Overall, he appeared in 1,315 games and batted .268 with 172 home runs, and 723 runs batted in. Defensively, he finished his career with a .990 fielding percentage playing every inning at first base. He did not play in the 1943 through 1945 seasons, due to his service in the U.S. Navy during World War II.

A four-time All-Star, he was the American League's starting first baseman for the midsummer classics of 1949 and 1952. The first game was a slugfest, 11–7, won by the American League, with a Robinson first-inning single off National league starter Warren Spahn driving in Joe DiMaggio. In the 1952 game, a rain-shortened 3-2 National League victory, Robinson singled in the American League's first run, scoring Minnie Miñoso, who had led off the fourth inning with a double.

On April 25, 1951 he became one of the few players to hit a home run out of old Comiskey Park.

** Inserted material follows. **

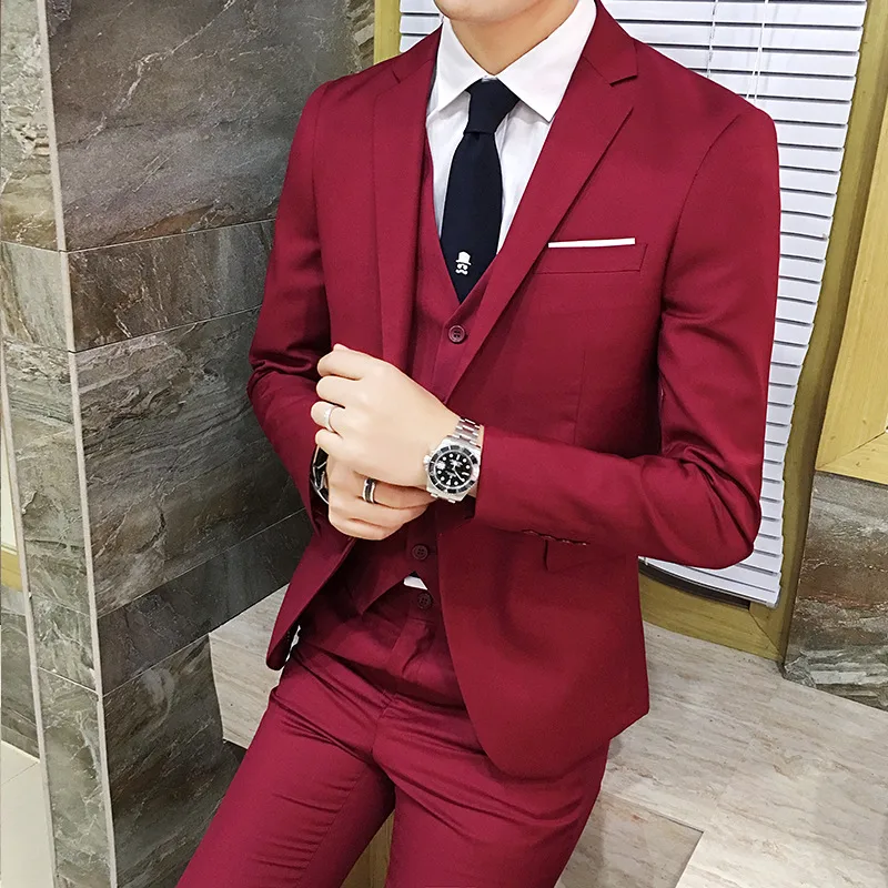 Wholesale Men's Casual 3 - Piece Suit Blazer Set - Wedding Groom Formal Attire

In 1955, while playing for the New York Yankees as a part-time player, Robinson hit 16 home runs while having only 36 hits. He also had more runs batted in than hits, knocking in 42 runs. For the season he hit only .208 in 173 at bats, and had 36 base-on-balls.

Robinson was the oldest living Major League player who began his career during or after the 1940s, and he was the last living player whose Major League career was interrupted by World War II service. (Chris Haughey never made it back to the majors, and Eddie Basinski and Tommy Brown were civilians throughout the war.)

Post-playing career
Upon retirement, he became a coach for the Baltimore Orioles and then moved into their player development department. A protégé of Orioles manager and fellow Texan Paul Richards, he followed Richards to the Houston Astros, then worked as the farm system director of the Kansas City Athletics during the tempestuous ownership of Charlie Finley in the mid-1960s. In  he rejoined Richards in the front office of the Atlanta Braves. He succeeded Richards as general manager of the Braves during the 1972 season, serving through early 1976 in that post.

Robinson then returned to the American League as a member of the Texas Rangers front office. In 1977, Robinson was named co-general manager (with Dan O'Brien Sr.) of the Rangers, and became sole GM from 1978 to 1982. Although the Rangers posted winning seasons in 1977, 1978, and 1981, a disastrous 1982 campaign cost Robinson his job as General Manager.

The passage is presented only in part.